● **Task goal**
The required output is an exact restatement of the lines, starting with the one that contains "Obraz premium Serene" and finishing with the last line of the listing. It contains no pictures.

● **Source material**

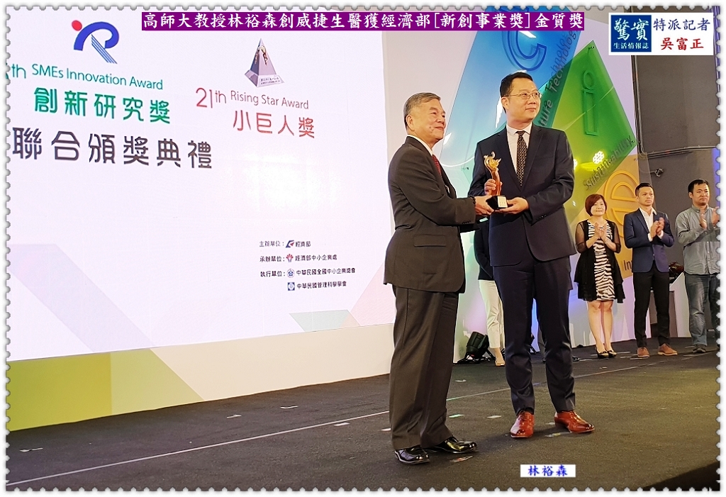 國立高雄師範大學師生與畢業校友所創立的威捷生物醫學股份有限公司,於9/27經濟部第17屆「新創事業獎」頒獎典禮中,榮獲「知識服務業組」金質獎,創辦人兼執行長林裕森博士領獎接受表揚,該獎項由經濟部沈榮津部長頒發金質獎一座及獎金15萬元。新創事業獎是經濟部為營造優質創業環境,形塑台灣成為創業型社會,經濟部中小企業處辦理「新創事業獎」選拔活動,鼓勵青年、女性及熟齡創業者,發展具備優質營運模式之新創事業,樹立成功典範,提振創業家精神,帶動國內創新創業之風氣,為經濟注入活水 。
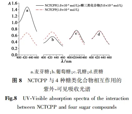 采用紫外-可见吸收光谱法测定N-错位卟啉与4种糖类分子(麦芽糖、葡萄糖、乳糖、蔗糖)的识别作用,所得谱图如图8所示。
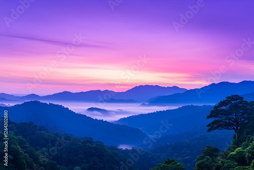 Obraz premium Serene misty sunrise over rolling green hills, shrouded in fog. Nature stock...
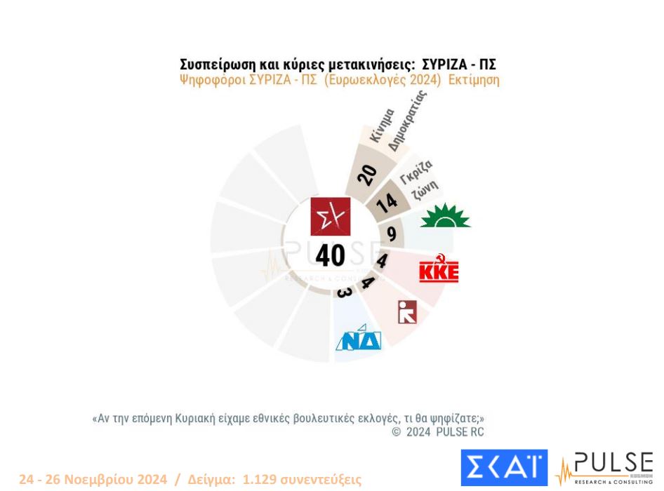 Ο ΣΥΡΙΖΑ βρίσκεται στο 40% της συσπείρωσης, χάνοντας το 20% της δύναμής του προς το Κίνημα Δημοκρατίας του Στέφανου Κασσελάκη, 14% προς την «γκρίζα ζώνη», προς το ΠΑΣΟΚ 9%, προς το ΚΚΕ 4%, προς τη Νέα Αριστερά 4% και προς τη Νέα Δημοκρατία 3%.

● **Task result**
 Obraz premium Serene misty sunrise over rolling green hills, shrouded in fog. Nature stock...
 Ο ΣΥΡΙΖΑ βρίσκεται στο 40% της συσπείρωσης, χάνοντας το 20% της δύναμής του προς το Κίνημα Δημοκρατίας του Στέφανου Κασσελάκη, 14% προς την «γκρίζα ζώνη», προς το ΠΑΣΟΚ 9%, προς το ΚΚΕ 4%, προς τη Νέα Αριστερά 4% και προς τη Νέα Δημοκρατία 3%.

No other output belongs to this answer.